The B-2, built by Boeing. Plus numerous other military aircraft make extensive use of these materials.
BTW, it's not really a "plastic," it's a fiber, much more than just a plastic. Think kevlar (although Boeing isn't using any kevlar), they bullet proof everything with it nowadays.
With the little I know about these materials, I would feel safer in a composite aircraft then in a metal one.
"If goods do not cross borders, soldiers will" - Frederic Bastiat
Milan320 From Canada, joined Jan 2005, 873 posts, RR: 11
Reply 8, posted (10 years 6 months 2 weeks 2 days 12 hours ago) and read 4077 times:
In that case, could someone englighten me on the apparent problems that the Mitsubishi built wing for the F-22, I believe, has had? I've read numerous times that cracks have been found in the composite wing, and it's Mitsubishi that's producing the wing for the 787 isn't it??

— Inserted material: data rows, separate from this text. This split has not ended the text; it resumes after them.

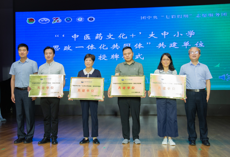 为夯实大中小学思想政治教育一体化之基,仪式现场,我校还与金陵小学、常州市金坛区直溪中心小学明珍实验学校、南京市第五初级中学结成“‘中医药文化+’大中小学思政一体化共同体”共建单位。此举不仅标志着在中医药文化教育领域的深度合作,更预示着一条以文化人、以医润心的崭新道路正徐徐铺展。共建单位将共同探索中医药文化进校园的新模式、新路径,为培养更多热爱并传承中医药文化的青少年贡献力量。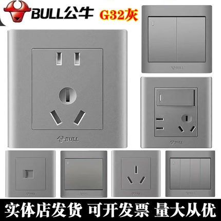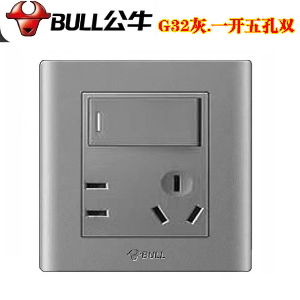 公牛G32开关插座墙壁面板一开双五孔插座86型家用电脑暗装星空灰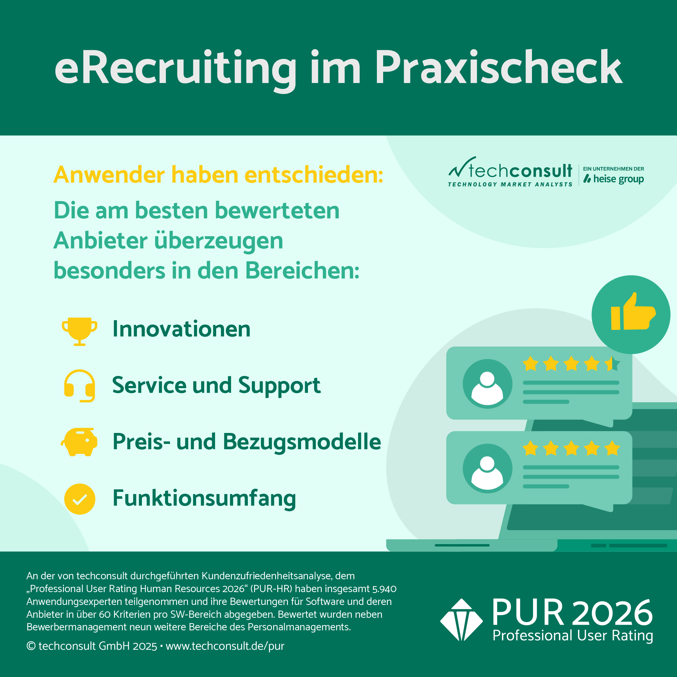 An der von techconsult durchgeführten Kundenzufriedenheitsanalyse, dem „Professional User Rating Human Resources 2026“ (PUR-HR) haben insgesamt 5.940 Anwendungsexperten teilgenommen und ihre Bewertungen für Software und deren Anbieter in über 60 Kriterien pro SW-Bereich abgegeben. Bewertet wurden neben Bewerbermanagement neun weitere Bereiche des Personalmanagements.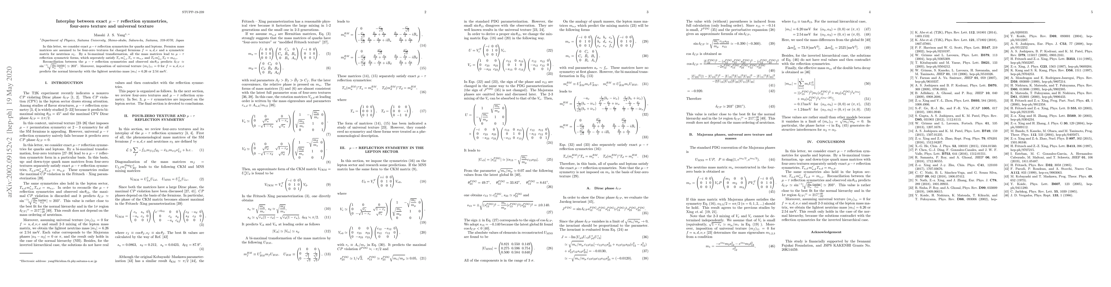 In this letter, we consider exact $\mu-\tau$ reflection symmetries for quarks and leptons. Fermion mass matrices are assumed to be four-zero textures for charged fermions $f = u,d,e$ and a symmetric matrix for neutrinos $\nu_{L}$. By a bi-maximal transformation, all the mass matrices lead to $\mu-\tau$ reflection symmetric forms, which seperately satisfy $T_{u} \, m_{u,\nu}^{*} \, T_{u} = m_{u,\nu}$ and $T_{d} \, m_{d,e}^{*} \, T_{d} = m_{d,e}$. Reconciliation between the $\mu-\tau$ reflection symmetries and observed $\sin \theta_{13}$ predicts $\delta_{CP} \simeq 203^{\circ}$. Moreover, imposition of universal texture $(m_{f})_{11} = 0$ for $f=u,d,\nu,e$ predicts the normal hierarchy with the lightest neutrino mass $|m_{1}| = 6.26$ or $2.54$ meV.

N766UA From United States of America, joined Jul 1999, 8648 posts, RR: 23
Reply 11, posted (10 years 6 months 2 weeks 2 days 5 hours ago) and read 3887 times:
Quoting TrappedInMKG (Reply 3): First of all, the tail of the A300 is composite, and that's a pretty big structure
I wouldn't use the A300 tail as a positive example, given 2 incidents in recent years which have brought up serious questions about that particular empenage. However, Boeing's got alot of experiance building airplanes. If they think composites have come of age and it's time to build a jetliner out of them, then I'm willing to bet my life it's 100% safe. Boeing won't go about gambling people's lives just to have an edge in marketing.